Startlingly, Darlin threw back his head and laughed. A great many women would forget his nose for those eyes and that laugh. "So it would, Tomas, but I’ve asked your cousin to marry me. She will not say yes or no, but a man cannot abandon even a possible wife to the mercies of the Aiel, and she will not leave."
Caraline Damodred drew herself up on her saddle, face cold enough to shame an Aes Sedai, but suddenly auras of red and white flashed around her and Darlin, and Min knew. The colors never seemed to matter, but she knew that they would marry — after Caraline had led him a merry chase. More, to her eyes a crown suddenly appeared on Darlin’s head, a simple golden circlet with a slightly curved sword lying on its side above his brows. The king’s crown he would wear one day, though of what country, she could not say. Tear had High Lords instead of a king.

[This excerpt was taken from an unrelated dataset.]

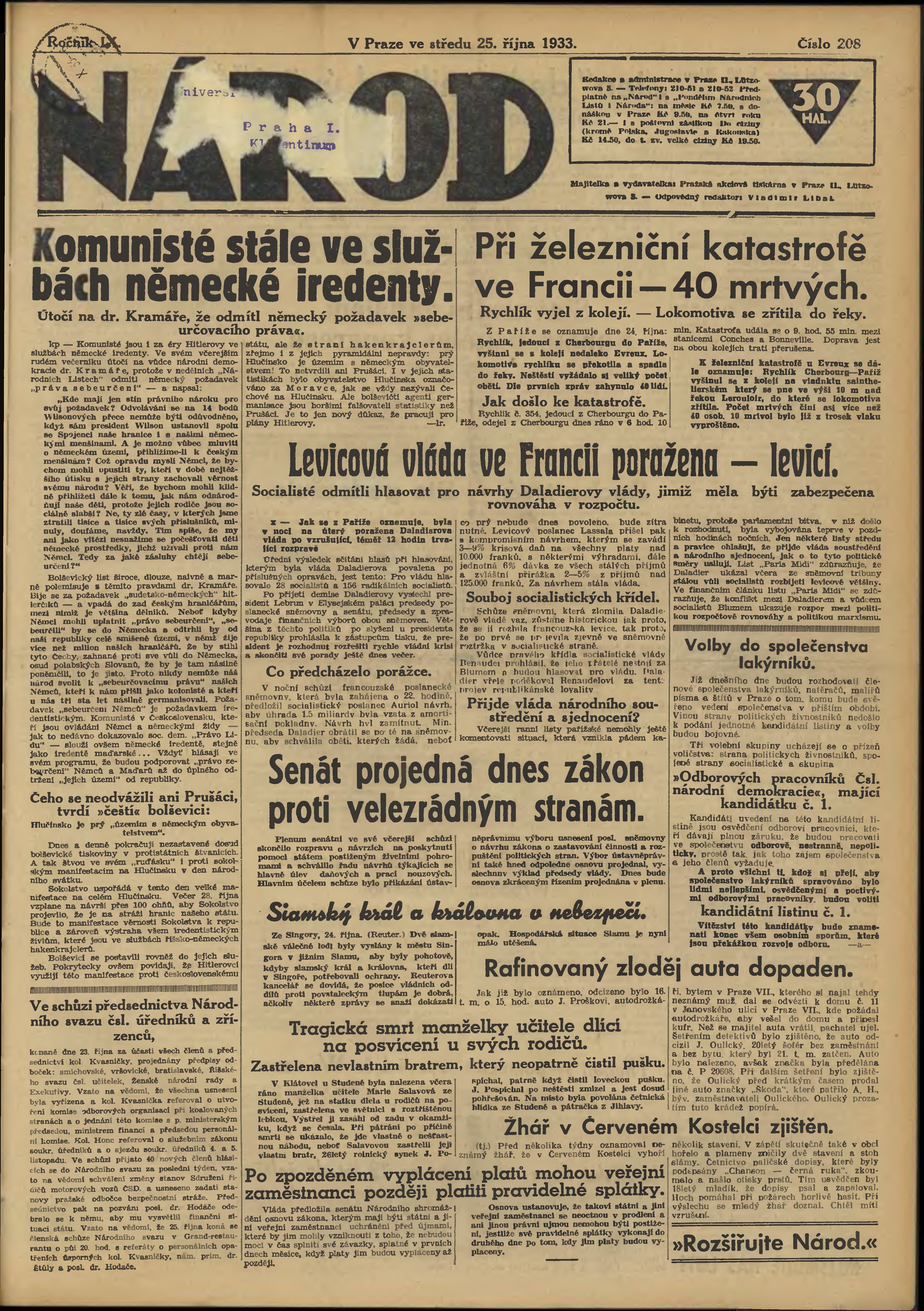 * Datum vydání výtisku: 25.10.1933 Číslo výtisku: 208

Image and auras vanished as Darlin pulled his horse around to face Caraline. "There’s no game to be found today. Toram has already returned to camp. I suggest we do the same." Those blue eyes scanned the surrounding trees quickly. "It seems your cousin and his wife have lost their horses. They will wander, in a careless moment," he added to Rand, in a kindly tone. He knew very well they had no horses. "But I’m sure Rovair and Ines will give up their mounts. A walk in the air will do them good."
The stout man in the red-striped coat swung down from his tall bay immediately, with a toadying smile for Darlin and one markedly less warm if just as greasy for Rand. The angry-faced woman was a moment later in climbing stiffly from her silver-gray mare. She did not look pleased.